Давеча приехала в лес сестра Ицхока-Бера с дочкой. Девочка большая уже, лет восемь-десять, наверно, а говорит плохо, шепелявит, и по уму совсем как маленькая. Целый день сидит перед домом на земле и куличики лепит. Считает их, лепит, опять считает. Так он, Хаим-Мойше, часами с ней сидел, смотрел, как она играет.
— И сколько ты уже слепила? — спрашивает.
— Узе тысяцу, — отвечает девочка, — много тысяц.
— А теперь что будешь делать?
— Ессё тысяцу сделаю.
— Вот и хорошо, — говорит Хаим-Мойше и смотрит на ее личико. — Слепи еще тысячу.
Уходит к себе и запирается. Кто знает, что он там делает? Улыбается все время. А спросишь, чем он занят, улыбнется и не ответит, а под глазами синие круги, и сам — кожа да кости. По ночам часами разговаривают у него в комнате. Она, жена Ицхока-Бера, просыпается и слышит, как там говорят.
— Хаим-Мойше! — стучит она в стенку. — Кто там с тобой, Хаим-Мойше?
— Никого! — весело кричит он в ответ.
И смеется.
— Это бесы! — кричит он ей. — Бесы вокруг меня хороводы водят.

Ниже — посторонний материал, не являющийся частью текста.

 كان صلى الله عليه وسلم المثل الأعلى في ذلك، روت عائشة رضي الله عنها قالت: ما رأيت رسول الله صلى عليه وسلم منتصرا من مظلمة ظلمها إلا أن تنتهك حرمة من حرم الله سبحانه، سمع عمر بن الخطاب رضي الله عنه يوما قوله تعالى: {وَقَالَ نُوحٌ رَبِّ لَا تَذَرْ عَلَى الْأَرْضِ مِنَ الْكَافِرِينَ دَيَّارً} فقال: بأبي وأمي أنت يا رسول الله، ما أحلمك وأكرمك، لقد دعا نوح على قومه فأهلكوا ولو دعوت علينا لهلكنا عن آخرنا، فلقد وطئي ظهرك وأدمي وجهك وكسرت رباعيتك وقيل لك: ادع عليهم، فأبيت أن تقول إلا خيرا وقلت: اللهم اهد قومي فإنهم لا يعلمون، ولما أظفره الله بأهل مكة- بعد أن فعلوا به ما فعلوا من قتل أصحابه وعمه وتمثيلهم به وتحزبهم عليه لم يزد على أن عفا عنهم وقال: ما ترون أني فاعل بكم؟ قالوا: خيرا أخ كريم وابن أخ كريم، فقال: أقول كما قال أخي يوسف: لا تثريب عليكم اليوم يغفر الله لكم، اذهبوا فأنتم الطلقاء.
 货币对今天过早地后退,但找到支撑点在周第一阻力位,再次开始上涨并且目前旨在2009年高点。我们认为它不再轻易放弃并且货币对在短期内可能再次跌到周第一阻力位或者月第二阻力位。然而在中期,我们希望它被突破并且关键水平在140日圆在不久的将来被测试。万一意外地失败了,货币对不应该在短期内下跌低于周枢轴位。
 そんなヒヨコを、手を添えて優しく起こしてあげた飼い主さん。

«Она должна признаться Ханке: не очень-то она рада, что Хаим-Мойше приехал. Боится она таких слов. Поселился бы Хаим-Мойше где-нибудь в другом месте, она бы ему только спасибо сказала… А что это Ханка такая бледная?.. Куда это она вдруг заторопилась? Домой пора? А шамеса все нет. Посмотрите-ка, солнце уже за крышу зацепилось, а синагога все еще закрыта. Когда же шамес-то появится? Значит, Ханка все-таки уходит? Ну, до свидания, до свидания…»
* * *
Ханка побледнела не от испуга. Почему Хаим-Мойше вдруг показался ей таким родным, таким близким, как старший брат? Даже гораздо более близким, чем настоящий брат. Будто он много лет не появлялся дома, позабыл родительский кров, но вдруг вернулся. Так почему же он поехал не прямо к ней, а в лес, к жене Ицхока-Бера, которая была бы рада, если бы он убрался? Почему в Ракитном не нашлось никого, кто сказал бы ему об этом? В переулке она увидела доктора Грабая и на секунду замешкалась: может, доктор ему скажет? Ведь он знает Хаима-Мойше по большому городу. Может, попросить…

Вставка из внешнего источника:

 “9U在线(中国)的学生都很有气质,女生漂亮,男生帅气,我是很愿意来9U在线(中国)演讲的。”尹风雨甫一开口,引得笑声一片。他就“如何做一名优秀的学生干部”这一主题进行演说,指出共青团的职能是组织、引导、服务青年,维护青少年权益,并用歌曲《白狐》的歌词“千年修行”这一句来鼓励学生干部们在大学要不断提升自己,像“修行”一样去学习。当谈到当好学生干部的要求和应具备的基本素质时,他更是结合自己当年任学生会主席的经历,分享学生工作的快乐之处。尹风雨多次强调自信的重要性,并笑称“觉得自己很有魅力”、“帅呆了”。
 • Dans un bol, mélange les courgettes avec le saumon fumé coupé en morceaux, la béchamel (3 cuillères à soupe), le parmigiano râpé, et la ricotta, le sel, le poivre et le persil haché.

Но доктор Грабай прошел мимо и даже ее не заметил. Его лицо с пшеничными, густыми, как у помещика, усами и свежевыбритыми щеками было дочерна обожжено солнцем и покрыто потом. Измученный, усталый, потому что не поспал днем, нес он свое крепкое тело на коротких, сильных ногах. Сейчас, перед закатом, он обходил пациентов, живущих на окраине. От усталости перепутал дома, зашел не туда, куда его вызвали. Разодетая девушка с большим почтением проводила его и показала, улыбаясь:
— Вон там… В том доме ждут доктора.
А он даже спасибо не сказал: вдруг увидел Ханку с Мотиком и словно проснулся. Улыбнулся всеми морщинками вокруг сонных глаз, помахал рукой:
— В том доме, в этом, — сказал, — какая разница? Ерунда…
Доктор Грабай был в комиссии, которая следит за чистотой.
Он наскоро обошел пациентов, закончил работу в больнице и теперь с молчаливым достоинством нес иго, свалившееся на него в лице приехавшего инспектора, тощего гоя в синих очках, злого до безумия. Евреи украдкой посматривали через заборы. Нужно было узнать, кому из своих знакомых доктор прикажет составлять акт.
Но доктор с каменным лицом, сложив руки за спиной под белой летней курткой, шел за инспектором с таким видом, словно он, доктор, стоит выше инспектора, нарочно не хочет ни во что вмешиваться и готов допустить худший вариант: пусть этот гой составляет акт как угодно и для кого угодно.
На три дня доктор Грабай, так сказать, попал в рабство и от всех отдалился. Но на четвертый день после обеда, когда комиссия уехала, он наконец-то освободился. Теперь его ничто не тяготило. Сидя перед магазином Азриэла Пойзнера у старого жернова, заменявшего стол, он потел и пил лимонад, а старший приказчик с почтением открывал для него бутылку за бутылкой, словно для важного покупателя, христианского священника. Доктор лукаво улыбался и говорил о том, что все на свете полнейшая глупость, мелочи.
— Поверьте, реб Азриэл Пойзнер, ерунда! Главное, весь мир полон победителей… Сколько людей, столько победителей, каждый для себя. Каждый считает себя главным во всяком случае, главней другого… Кстати, вот еще один такой идет.